Anthropic breaks through the blockade: Mythos 5 gets the "green light" for the top 100 US organizations
The US administration has officially lifted export restrictions on Anthropic's Claude Mythos 5 model. This decision, made on Friday, opens access to the advanced AI system for over a hundred leading American corporations and government agencies. In effect, this concludes a two-week standoff between the White House and the developer.
Commerce Secretary Howard Lutnick confirmed in a letter to Anthropic's CTO Tom Brown that transferring Mythos 5 to organizations on the "Appendix A" list no longer requires a special license. According to him, the current security measures are deemed sufficient for working with verified partners.
A long road to unblocking
As a reminder, both models — Mythos and Fable — were forcibly shut down after one of Anthropic's largest investors, Amazon, expressed serious concerns about their safety. The company's researchers warned that Fable 5 is potentially vulnerable to hacking for dangerous purposes. Until today, Mythos was used exclusively within the Glasswing program — a vulnerability research project involving about 150 organizations from 15 countries. Previously, this model identified critical errors in classified government systems within just a few hours.
Fable 5 remains in the shadows
Unlike Mythos, the fate of the public version of Fable 5 remains unclear. Based on my information, its release process has stalled, and no one is giving exact timelines. Previously, Fable 5 was considered the most powerful publicly available AI tool, but now access to it is closed to the general audience.
The situation is developing against the backdrop of a new regulatory system being formed. On June 2, an executive order was signed creating a voluntary federal review channel for advanced AI models. Developers can submit their solutions for cybersecurity checks 30 days before launch. Simultaneously, Washington is tightening the export of AI chips to China, and now similar requirements are being extended to access to the models themselves.
Notably, OpenAI has followed the same path: on Friday, the company restricted access to the most powerful version of GPT-5.6, named Sol, providing it only to about 20 state-approved partners. The weaker versions, Terra and Luna, became available to the general public.
The key trigger for the blocks, as it turned out, was the concern that the technologies could be obtained by Chinese entities. The focus was on South Korean operator SK Telecom, which was first added to the Glasswing list and then had its access restricted. The company itself denies any connection to China.
Many leaders of major cybersecurity companies urged authorities to abandon restrictive measures. An open letter organized by former Facebook security chief Alex Stamos was signed by executives from Nvidia, Adobe, Zoom, and other giants.

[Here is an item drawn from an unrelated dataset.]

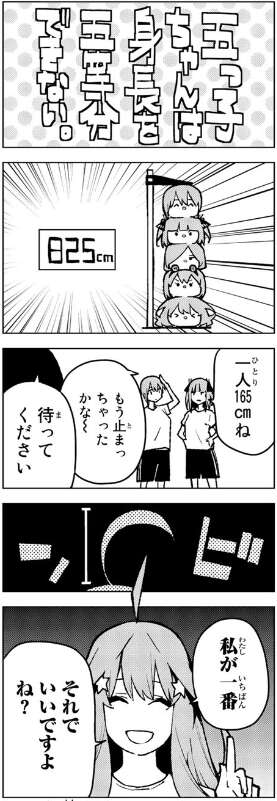 五つ子たちの身長は、五人で825cm、二乃は一人165cmね、と言いますが五月はアホ毛の部分を主張しだして…。

Countries in Europe and other regions are already noting that they have become heavily dependent on Washington's decisions regarding access to new developments. Whether Fable 5 will be next in line for unblocking is a question for the coming days.
My analysis: The decision on Mythos 5 is not just a technical unblocking, but a precedent for shaping a new architecture of global AI control. The US is effectively creating a two-tier system: elite access for "verified" partners and restricted access for everyone else. The cryptocurrency and DeFi market, which actively uses AI for vulnerability analysis, should closely monitor these processes — they will directly impact the availability of cybersecurity tools.